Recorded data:
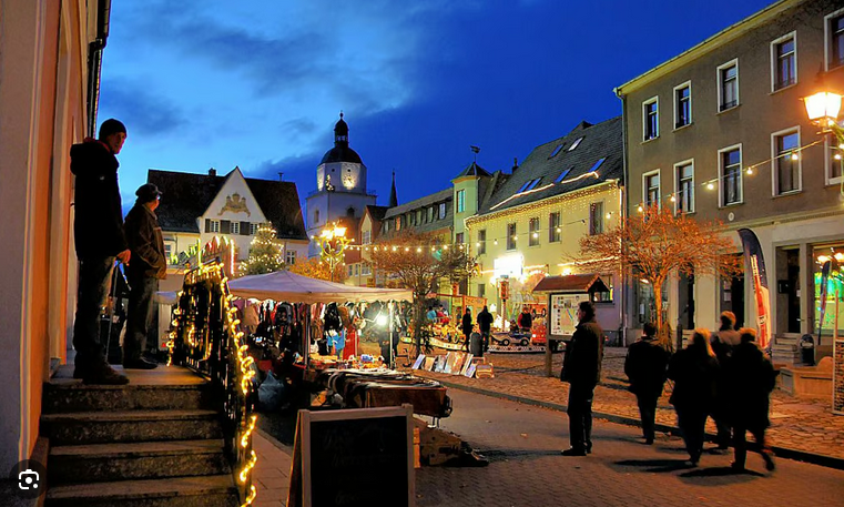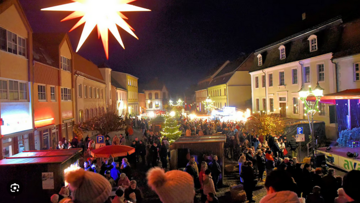 Auf dem stimmungsvoll beleuchteten Marktplatz erwartet Sie ein weihnachtliches Bühnenprogrammn, festlich dekorierte Buden mit winterlichen Köstlichkeiten und Fahrgeschäfte für leuchtende Kinderaugen.
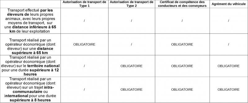 - l’autorisation du transporteur, requise pour les trajets de plus de 65 kilomètres et délivrée par la Direction Départementale de la Protection des Populations (DDPP) du département où se trouve le siège social du transporteur. Il en existe une de type 1 (durée du trajet inférieure à huit heures) et une autre de type 2 (durée du trajet supérieure à huit heures, appelé longue durée) ;
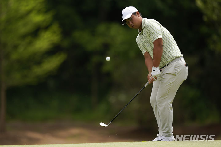 [샬럿=AP/뉴시스] 김주형이 10일(현지시각) 미 노스캐롤라이나주 샬럿의 퀘일 할로 클럽에서 열린 미국프로골프(PGA) 투어 웰스파고 챔피언십 2라운드 12번 그린에서 칩샷하고 있다. 김주형은 중간 합계 이븐파 142타 공동 33위를 기록했다. 2024.05.11.
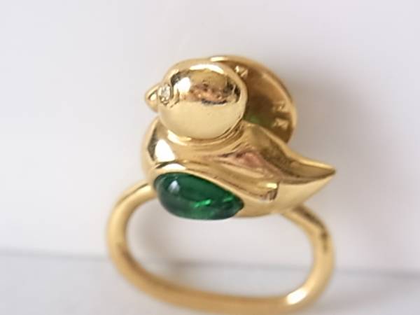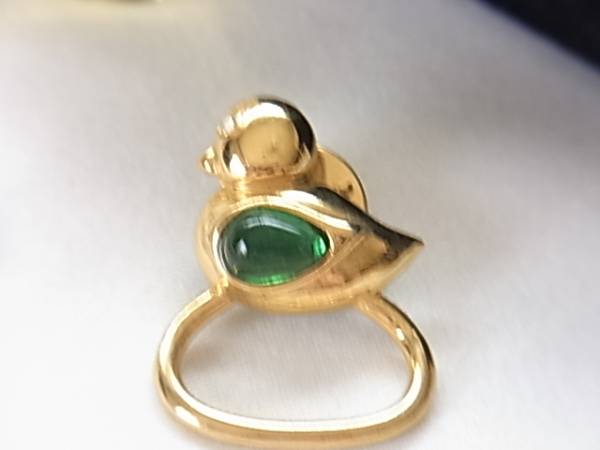 鳥☆緑ストーン瞳はキュービックジルコニアタックピンブローチ△
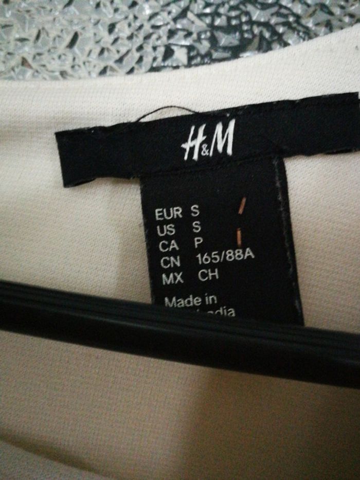 Robe h et m en parfait état comme neuve taille indiquée s mais taille très grand correspond a un 40 aisselle a aisselle 42 cm polyester elasthane
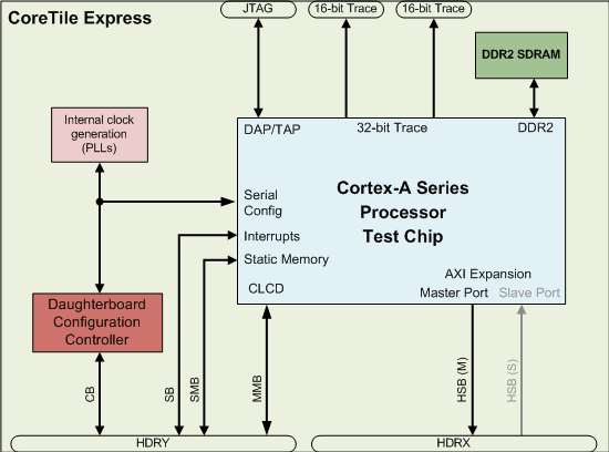 處理器子板 Express 板與Versatile產(chǎn)品系列中的前代產(chǎn)品的不同之處在于,其內(nèi)存和 LCD 控制器等高帶寬外設(shè)是與 ARM 處理器一起在測試芯片中實現(xiàn)的。這會顯示提升性能,使系統(tǒng)更適合進行軟件基準測試并完全能運行Debian Linux等桌面操作系統(tǒng)。
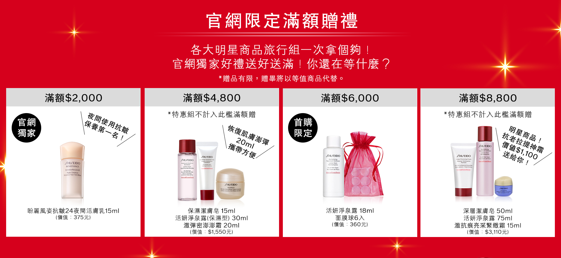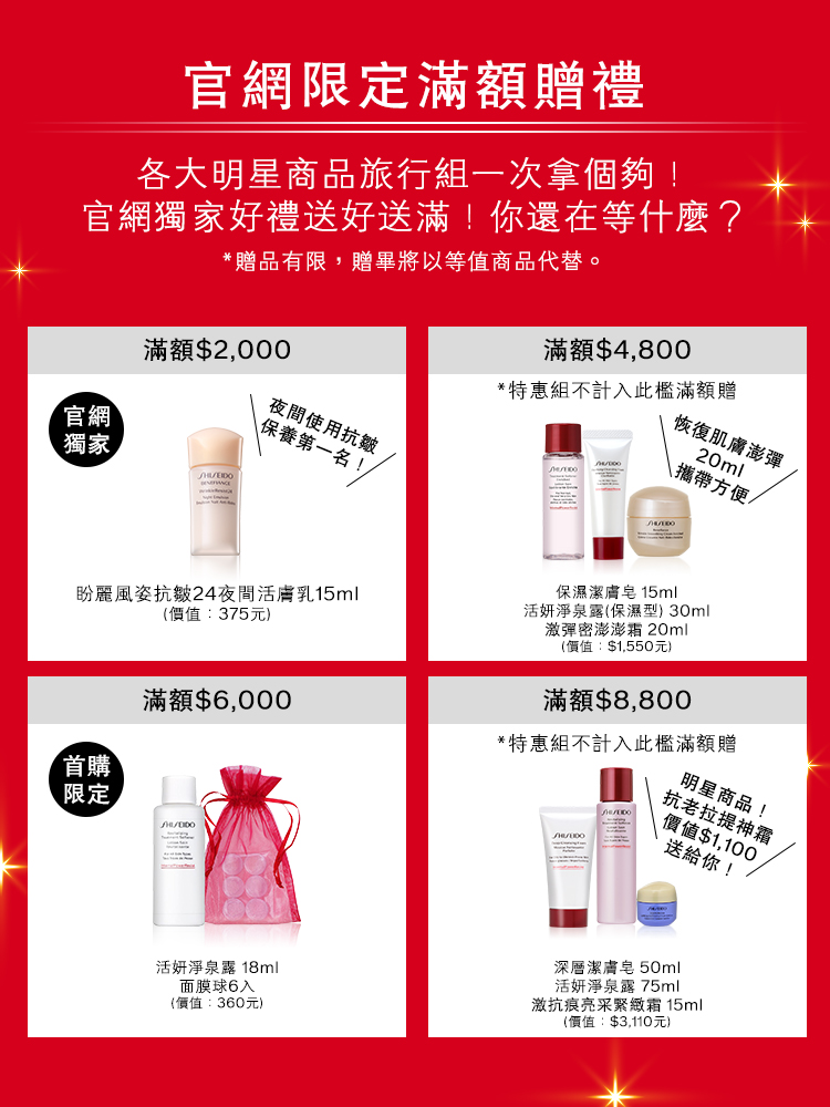 首次於資生堂國際櫃官網購物,單筆訂單滿NT$6,000(折扣後),即可獲得紅妍會員升等禮一份。(贈品將隨訂單出貨)
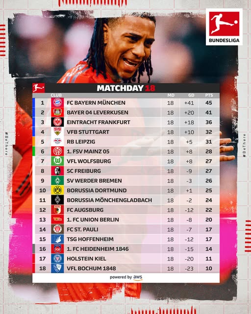 อันดับ ตารางคะแนน บุนเดสลีกา เยอรมัน 2024/25 หลังจบแมตซ์เดย์ที่ 18 โดย 5 อันดับเป็นไปตามลำดับมีดังนี้ (อัปเดตวันที่ 20 มกราคม 2568)
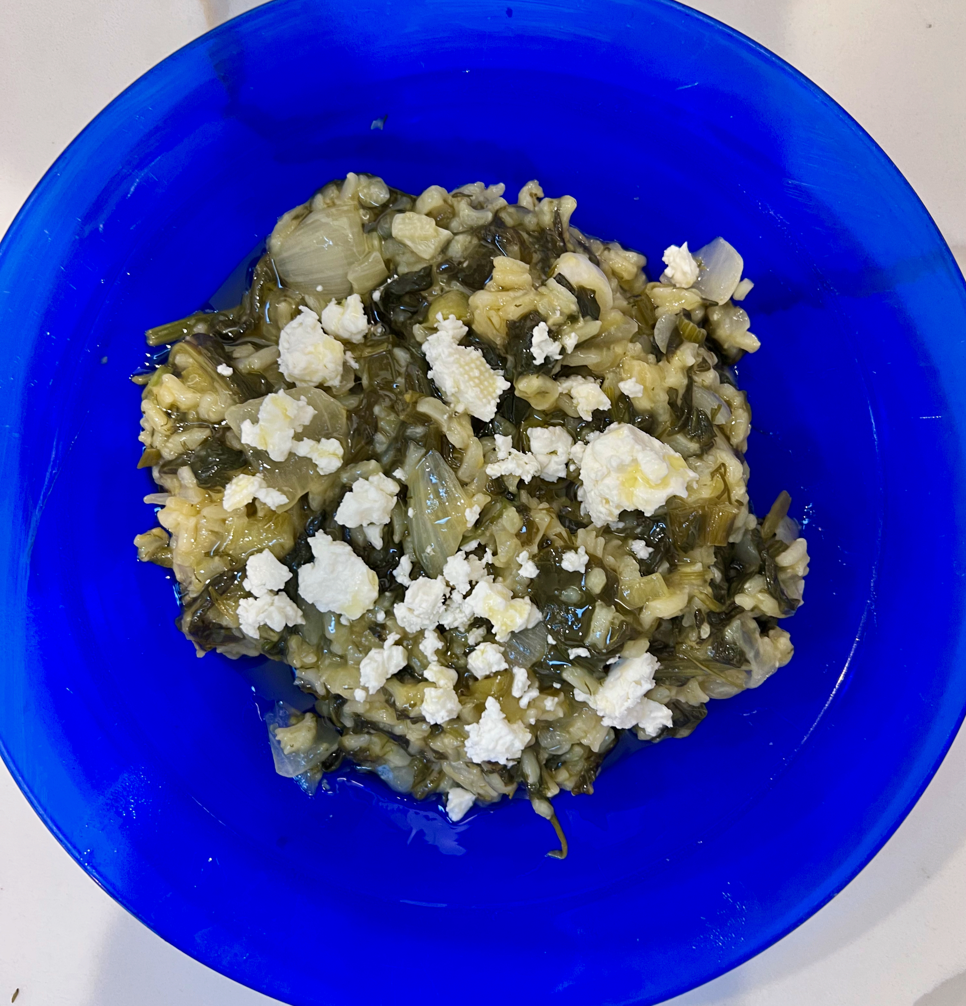 In dishes like this, the olive oil isn’t added at the end. It cooks with the rice and spinach from the beginning, which is what gives the dish its flavor.
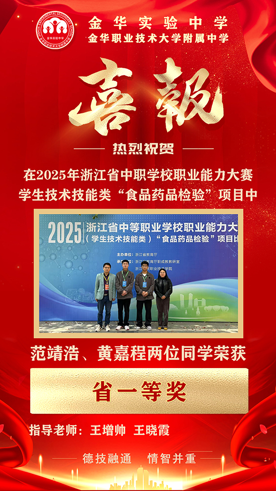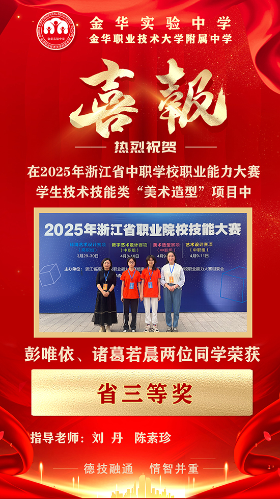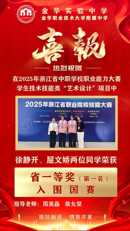 近期,2025年浙江省职业院校技能大赛圆满落幕,金华实验中学在多个赛项中斩获佳绩,取得三个省一等奖、一个省三等奖,其中“婴幼儿保育”“艺术设计”两大赛项更是夺得第一名,将代表浙江省出征国赛!学校的技能培养与高考升学成绩持续领跑同类学校,彰显“双线并进”的育人实力。
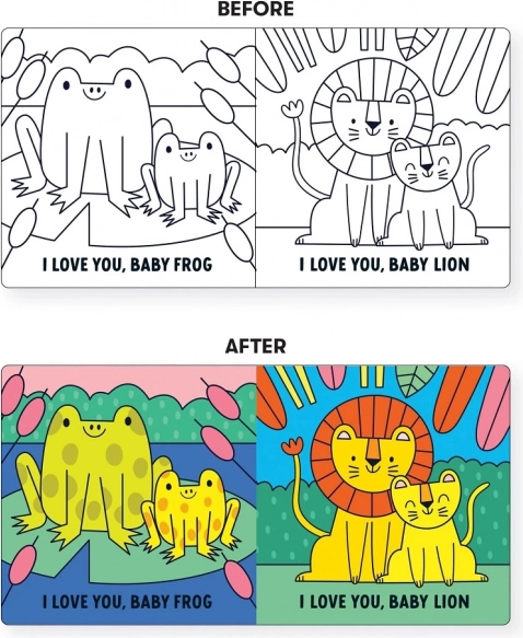Po zanurzeniu w wodzie czarno-białe ilustracje zmieniają się w żywe kolory – natychmiastowa nagroda, która motywuje dzieci do zabawy i odkrywania.

■ Problem statement:
Give again exactly the lines from the one holding "Robe h et m" to the final line of the records, both ends included, and nothing more. Pictures do not belong in the copy.

■ Exercise solution:
 Robe h et m en parfait état comme neuve taille indiquée s mais taille très grand correspond a un 40 aisselle a aisselle 42 cm polyester elasthane
 處理器子板 Express 板與Versatile產(chǎn)品系列中的前代產(chǎn)品的不同之處在于,其內(nèi)存和 LCD 控制器等高帶寬外設(shè)是與 ARM 處理器一起在測試芯片中實現(xiàn)的。這會顯示提升性能,使系統(tǒng)更適合進行軟件基準測試并完全能運行Debian Linux等桌面操作系統(tǒng)。
 首次於資生堂國際櫃官網購物,單筆訂單滿NT$6,000(折扣後),即可獲得紅妍會員升等禮一份。(贈品將隨訂單出貨)
 อันดับ ตารางคะแนน บุนเดสลีกา เยอรมัน 2024/25 หลังจบแมตซ์เดย์ที่ 18 โดย 5 อันดับเป็นไปตามลำดับมีดังนี้ (อัปเดตวันที่ 20 มกราคม 2568)
 In dishes like this, the olive oil isn’t added at the end. It cooks with the rice and spinach from the beginning, which is what gives the dish its flavor.
 近期,2025年浙江省职业院校技能大赛圆满落幕,金华实验中学在多个赛项中斩获佳绩,取得三个省一等奖、一个省三等奖,其中“婴幼儿保育”“艺术设计”两大赛项更是夺得第一名,将代表浙江省出征国赛!学校的技能培养与高考升学成绩持续领跑同类学校,彰显“双线并进”的育人实力。
Po zanurzeniu w wodzie czarno-białe ilustracje zmieniają się w żywe kolory – natychmiastowa nagroda, która motywuje dzieci do zabawy i odkrywania.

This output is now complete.